• AIM OF THE EXERCISE: What is needed is a verbatim copy of the data, minus the pictures.

• DATASET EXTRACT:
● ● ● ● ● ● ●

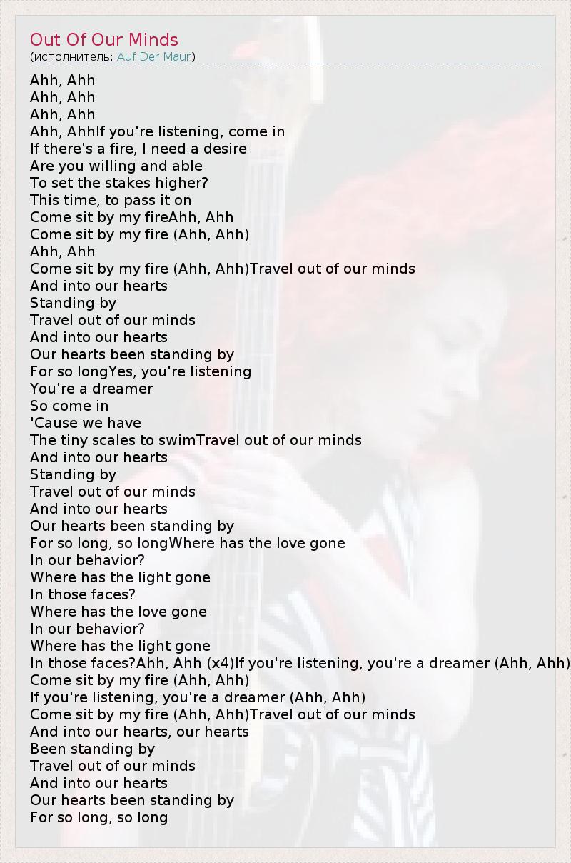 А как ты думаешь, о чем песня "Out Of Our Minds" ?
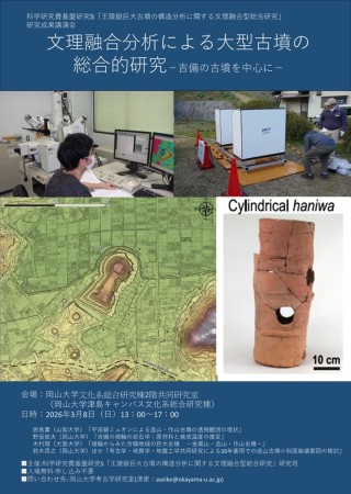 国立大学法人岡山大学(本部:岡山市北区、学長:那須保友)では、2026年3月8日(日) 13:00~17:00に科学研究費基盤研究S「王陵級巨大古墳の構造分析に関する文理融合型総合研究」研究班の研究成果講演会「文理融合分析による大型古墳の総合的研究-吉備の古墳を中心に-」を本学津島キャンパスで開催します。
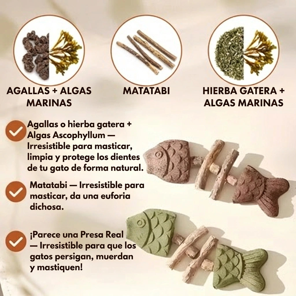 A diferencia de palitos duros o cepillos, Purrident combina algas marinas naturales que curan las encías y eliminan la acumulación con Catnip o Gallfruit que los gatos no pueden resistir. Es una forma divertida y eficaz de limpiar los dientes — sin estrés, sin cepillado, solo juego.

● ● ● ● ● ● ●

• EXERCISE RESULT:
 А как ты думаешь, о чем песня "Out Of Our Minds" ?
 国立大学法人岡山大学(本部:岡山市北区、学長:那須保友)では、2026年3月8日(日) 13:00~17:00に科学研究費基盤研究S「王陵級巨大古墳の構造分析に関する文理融合型総合研究」研究班の研究成果講演会「文理融合分析による大型古墳の総合的研究-吉備の古墳を中心に-」を本学津島キャンパスで開催します。
 A diferencia de palitos duros o cepillos, Purrident combina algas marinas naturales que curan las encías y eliminan la acumulación con Catnip o Gallfruit que los gatos no pueden resistir. Es una forma divertida y eficaz de limpiar los dientes — sin estrés, sin cepillado, solo juego.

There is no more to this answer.